Nov. 12, 2010

filmsgraded.com:
7 Faces of Dr. Lao (1964)
Grade: 72/100

Director: George Pal
Stars: Tony Randall, Barbara Eden, Arthur O'Connell

What it's about. A curious mix of fantasy, comedy, and romance, with the agreeable mood interrupted only by a memorably gloomy fortune told at the expense of frivolous matron Lee Patrick.

It is a western set circa 1910. Mysterious elderly Chinaman Dr. Lao (Tony Randall) arrives at a sleepy town dominated by grasping robber baron Stark (Arthur O'Connell). Stark is opposed only by small-time newspaper publisher John Ericson, a Perfect Man who is nonetheless not good enough for hottie librarian Barbara Eden, a widow and the mother of perky and well-behaved pre-teenager Timmy (Noah Beery Jr.).

Dr. Lao promotes his circus, a two-day event held just outside of town in a makeshift tent. The curious townsfolk, all one dozen of them, attend the circus on both days, where they are entertained by Tony Randall in his various visages. He is alternately Dr. Lao, the Abominable Snowman, incompetent magician Merlin, soothsayer Apollonius of Tyana, shirtless half-goat flute-player Pan, green-skinned and snake-haired Medusa, and a giant serpent. Actually, the serpent is animated, but Randall does provide the voice, which sounds more like a mixture of Peter Lorre and Paul Lynde.

Randall, via Pan, makes Eden all hot for hunky Ericson. More importantly, he warns the town against selling out to Stark, who wants to purchase all the real estate before an impending railroad makes it valuable. Stark doesn't seem to mind, though, having already been schooled by Randall in the form of the Apollonius and the giant serpent.

How others will see it. 7 Faces of Dr. Lao was a costly MGM production. Unfortunately, it was also a box office bust, and thus the last movie directed by animation specialist George Pal. It did receive win an honorary Oscar for William Tuttle's make-up, and Jim Danworth was Oscar-nominated for special visual effects.

Time has been kind to the film. Today, the Loch Ness Monster looks hokey, but Tony Randall's multiple-role performance is a gem. We are actually glad that Peter Sellers, then celebrated for his ability to play varied roles in the same film a la Dr. Strangelove, did not get the part. Pal had wanted Sellers, but cost-minded MGM already had Randall under contract.

At imdb.com, the user reviews and message board chatter is almost uniformly positive. The user ratings are a bit more mixed, averaging 7.0/10 and a rather low 6.6 from Top 1000 voters. Women between 18 and 29, who may take a motherly interest in adorable young Timmy, like it best at 7.4/10.

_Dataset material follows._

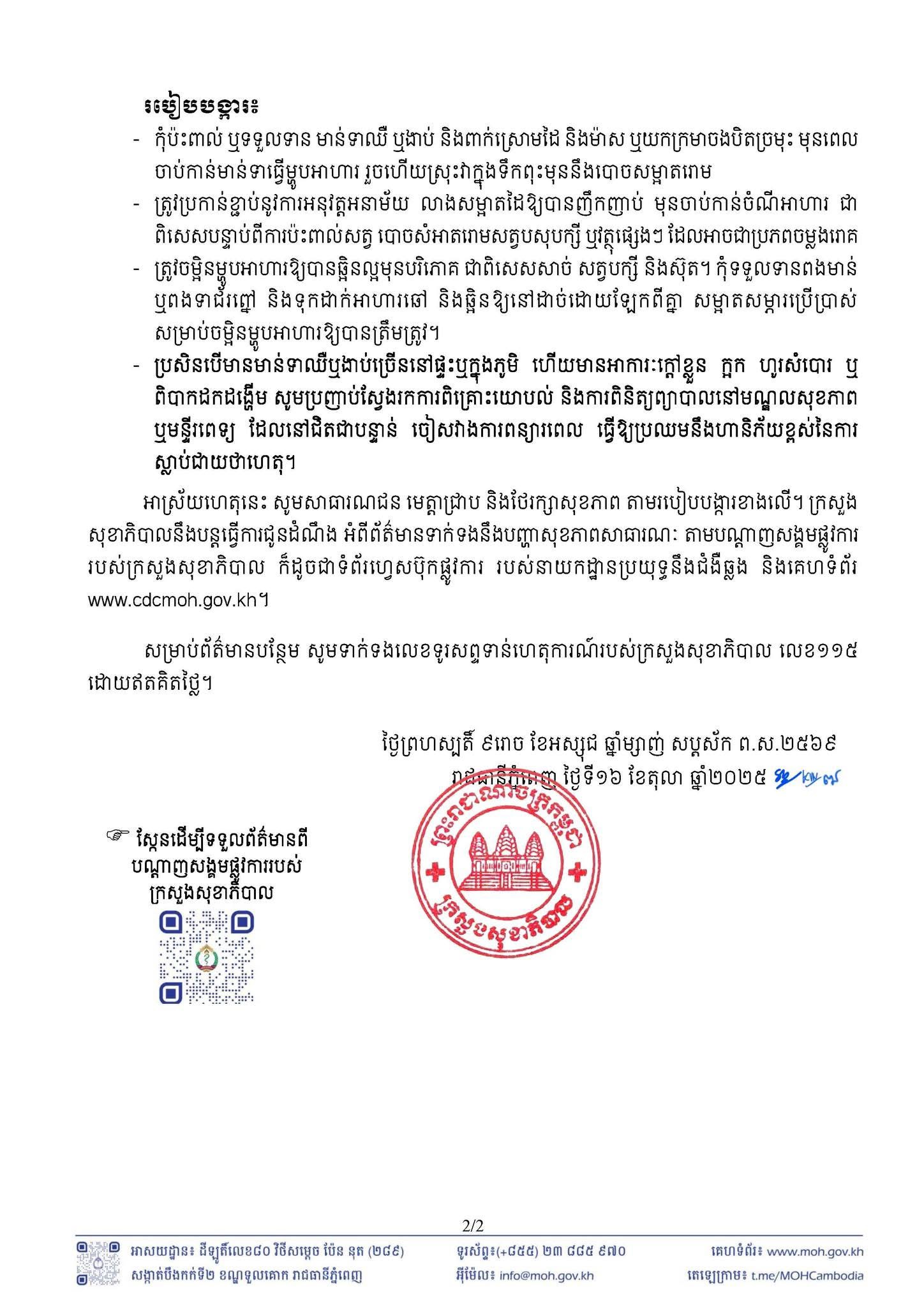 នៅថ្ងៃទី ១៦ ខែតុលា ឆ្នាំ ២០២៥ ក្រសួងសុខាភិបាល បានចេញសេចក្តីប្រកាសព័ត៌មាន មានអ្នកជំងឺផ្តាសាយបក្សីមួយករណីទៀត កើតលើកុមារីអាយុ ៣ ឆ្នាំ ដែលបានបញ្ជាក់ថា វិជ្ជមានវីរុសផ្តាសាយបក្សី ប្រភេទហាស់៥ អ៊ុន១ (H5N1) ដោយវិទ្យាស្ថានជាតិសុខភាពសាធារណៈ និង វិទ្យាស្ថានប៉ាស្ទ័រកម្ពុជា នៅថ្ងៃទី ១៥ ខែតុលា ឆ្នាំ ២០២៥។

How I felt about it. We like it. Oh, we are aware that the sudden growth of the Loch Ness Monster looks fakey, that Stark would never reveal the coming of the railroad, and that Barbara Eden has the right to wait for cuter and more amusing Larry Hagman.

Nonetheless, Dr. Lao puts on the best one-man circus act in world history, even if he has to borrow footage from a prior and less interesting George Pal epic (Atlantis, the Lost Continent) to do so. He's even convincing as Medusa, purportedly a woman. He's particularly entertaining as the voice of the serpent, a cynical creature who knows more than his appearance suggests. His turn as Pan is less riveting, even though Eden is oddly possessed by the music of Zamfir. He can't do much in his abominable snowman costume, either, not even put a star on top of the Christmas tree.

There are two morals: magic exists, and good prevails. Both are relevant to the movies, but will disappoint you in real life. The trick to swindling is to keep a low profile. Try making a movie out of that one.